I have recently returned from a trip to Copenhagen in Denmark. There I enjoyed a remarkable tasting menu with Chef Rene Redzepi from NOMA restaurant - voted the World's Best Restaurant by S.Pellegrino. One of the 24 courses involved frying our own egg in hay oil for two minutes. To this we added foraged herbs and bright green herb sauce. The forest/garden-fresh aromas which filled the dining room were an unusually creative experience, conjuring many memories for us all. Unfortunately, a full-house English breakfast with sunny side up fried eggs will never do it for me again!

When seeing an ingredient or dish we automatically sum up the flavour - sweet, salty, sour, acidic and/or savoury playing their part; with colour, aroma and presentation impacting on expectation. By the time we place a morsel into our mouths we have a fair idea of what to expect. I remember being presented two jellies at FAT DUCK. I was told one was beetroot and the other was orange. This was confusing, to say the least. It played with my emotions and flavour database.

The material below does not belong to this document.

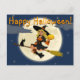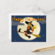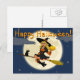 Happy Halloween! What better way to say it than with a cute Halloween postcard? Design features a witch with her loveable cat flying on a broom over a large, full moon in a starry sky. The witch is wearing a festive black and orange dress, a black corset, orange and black striped socks, black boots, and tops it all off with a black and orange hat. She's holding a jack o'lantern in her hand as her mischievous cat looks curiously over his shoulder. Postcard is customisable, so feel free to change fonts to your liking.
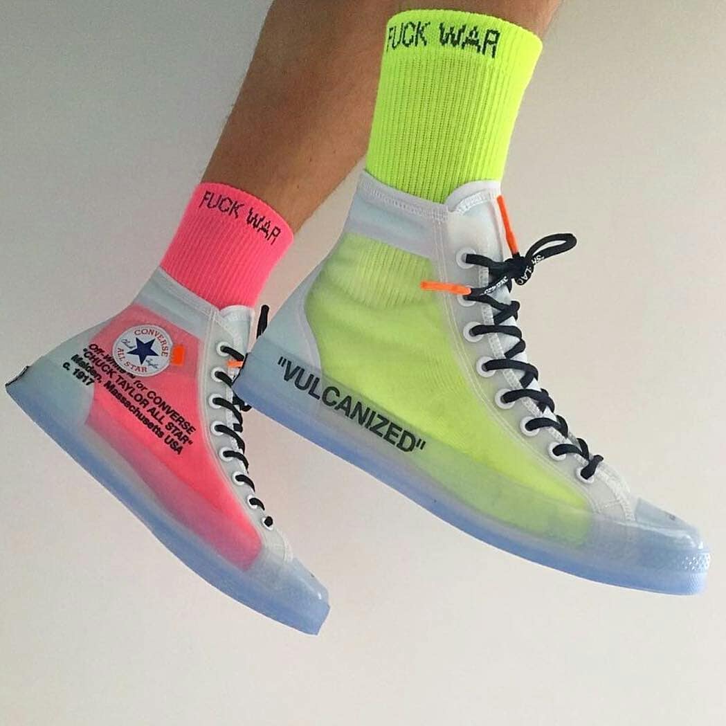 去年五月发售的 “The Ten” 系列压轴之作 OFF-WHITE x Converse,超高人气的半透明鞋面,引来各路球鞋设计师的纷纷效仿,甚至 Kanye 的 Yeezy 350 V2 “Static” 设计灵感说不准也出自这双鞋。

Happy memories come rushing in when I smell or think of my mother's crispy roasted chicken - with pork-sausage and chicken-liver stuffing - roasted butternut and crispy potatoes. Long lazy Sunday lunches with family and friends spring to mind. Another is seeing the rolling, scooping and the filling of a honey cone with rich, creamy chocolate ice cream. Here I reminisce clear, sunny, summer days at the coast. The list can go on forever...

We all have foodie memories so the saying, 'I do not eat to stay alive, I stay alive to eat', is true for me as I traverse my culinary adventure.